Le premier sommet de ce triangle de repérage, c’est la relance de la réforme pour aujourd’hui : par
sa simple dynamique, la croissance chinoise a créé le besoin d’une refonte de ses conditions pour se
poursuivre plus avant : réforme urbaine, réforme financière, réforme juridique, réformes sociales sont
à présent requises, voire urgentes.
Le second sommet est alors le passé, dans sa double dimension : d’une part, il propose à la méditation
des dirigeants l’exemple d’une supériorité alors incontestée, qu’il s’agit de recouvrer — c’est un
horizon mental essentiel, mais qui ne correspond pas du tout à l’idée d’égaler ni imiter l’Amérique.
La Chine grandiose dont il s’agit était à son apogée un millénaire avant qu’on ne découvrît l’Amérique,
elle n’a donc rien à chercher du côté de cette dernière en termes d’identité ou de réussite à accomplir.
Mais il y a d’autre part une seconde leçon du passé, à savoir qu’on peut passer complètement à côté
des opportunités majeures amenées par l’histoire et connaitre dès lors humiliation et décadence. La
Chine trouve cette expérience dans les années d’attrition qui la réduisirent à ne compter que pour
moins de 5% de la production mondiale, elle qui en fournissait le quart depuis toujours ! A l’heure
où elle se relève de ce recul historique, elle est spécialement attentive à penser la nature, la portée et
les risques des transitions, c’est le noyau de sa résolution dans la conduite d’une nouvelle
transformation majeure.
Cette transformation est enfin à la fois requise et calibrée par un troisième sommet, qui est la
conscience lucide de ce que l’avenir de l’humanité ne permettra pas la prolongation de la dynamique
initiée par l’Occident, et à laquelle le miracle chinois vient d’apporter une si remarquable extension.
Le progrès demain consistera à transformer complètement la manière de vivre de l’humanité dans un
sens plus compatible avec les limites de son écosystème planétaire, et un pays qui constitue le
cinquième de cette humanité est dans l’obligation d’y travailler le tout premier.

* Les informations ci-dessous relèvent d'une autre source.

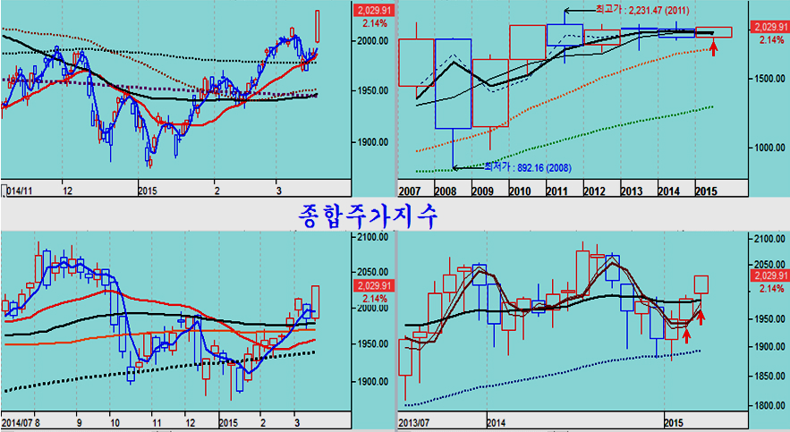 종합주가지수는 2.14%가 오르면서 2000을 넘어 지난해 10월 고점을 넘어섰다. 월간으로는 옵션만기 변동과 함께 월중 최저가격이 형성되는 시가3선에 저가를 맞춘 후 양봉을 그리며 상승하는 극히 자연스런 모습이 되었고, 연간으로는 드디어 주가가 연봉시가 3선을 넘어 본격적인 상승 추세 출발의 의미를 주고 있다.

Pour éclairer la transformation de portée historique que la Chine s’apprête à amorcer, nul n’était plus
éclairant à consulter que M. Justin Yifu Lin, hier chief economist et senior vice-President de la
Banque Mondiale, dont les travaux font référence à propos de la Chine et qui est un conseiller écouté
des dirigeants chinois.
En acceptant de venir débattre avec trois éminents économistes français réunis autour de lui par la
Fondation Prospective et Innovation et le CERDI que dirige le professeur Patrick Guillaumont, le
professeur Lin a de beaucoup dépassé l’analyse du cas chinois pour s’élever à une réflexion sur les
conditions générales du développement hier et aujourd’hui.
Le présent livre que la Fondation Prospective et Innovation en tire, comme elle en a l’usage, sous sa
seule responsabilité et non à titre d’actes de la rencontre, est ainsi de nature à éclairer sur les enjeux
majeurs du XXIè siècle, dont c’est peut-être le plus navrant indice pour les Européens de mesurer que
ce ne sont plus eux qui les formulent.